-- What is expected --
Transcribe word for word the section of the records below that opens with the line containing "Large floor-to-ceiling windows" and closes with the line containing "白 ホワイト レディース"; drop every picture.
(Beginning of Records for this task)
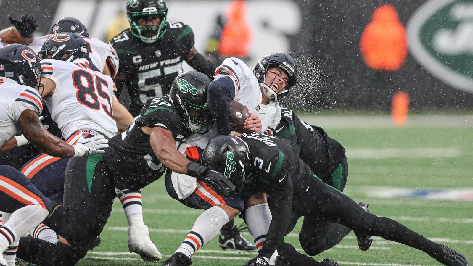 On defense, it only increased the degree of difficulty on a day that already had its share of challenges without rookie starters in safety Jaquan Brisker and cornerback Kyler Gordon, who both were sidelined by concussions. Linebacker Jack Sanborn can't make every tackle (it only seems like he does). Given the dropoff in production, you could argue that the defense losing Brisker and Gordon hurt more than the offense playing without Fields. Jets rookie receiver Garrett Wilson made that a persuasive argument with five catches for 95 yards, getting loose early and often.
(End of Records for this task)
(Beginning of Records for this task)
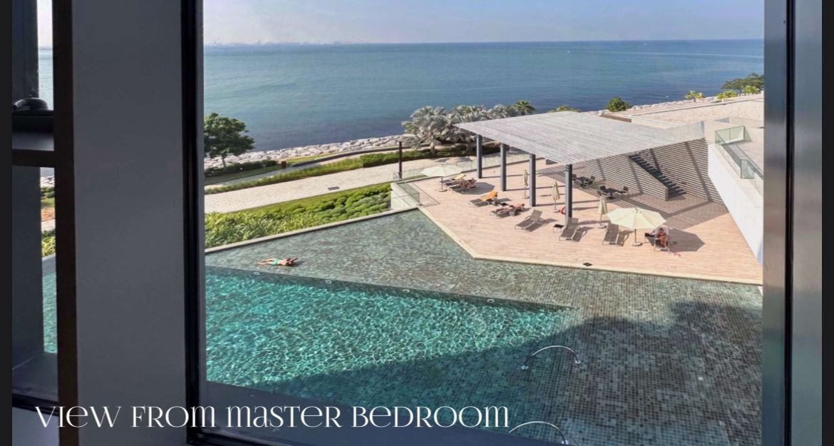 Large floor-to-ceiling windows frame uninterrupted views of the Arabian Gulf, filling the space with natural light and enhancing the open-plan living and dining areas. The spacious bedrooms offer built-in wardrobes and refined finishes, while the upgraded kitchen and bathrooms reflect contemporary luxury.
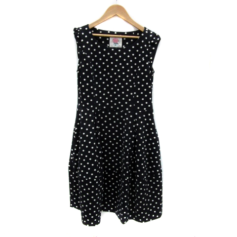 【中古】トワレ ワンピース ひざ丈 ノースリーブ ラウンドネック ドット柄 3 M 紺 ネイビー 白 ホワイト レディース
(End of Records for this task)
-- Written solution --
 Large floor-to-ceiling windows frame uninterrupted views of the Arabian Gulf, filling the space with natural light and enhancing the open-plan living and dining areas. The spacious bedrooms offer built-in wardrobes and refined finishes, while the upgraded kitchen and bathrooms reflect contemporary luxury.
 【中古】トワレ ワンピース ひざ丈 ノースリーブ ラウンドネック ドット柄 3 M 紺 ネイビー 白 ホワイト レディース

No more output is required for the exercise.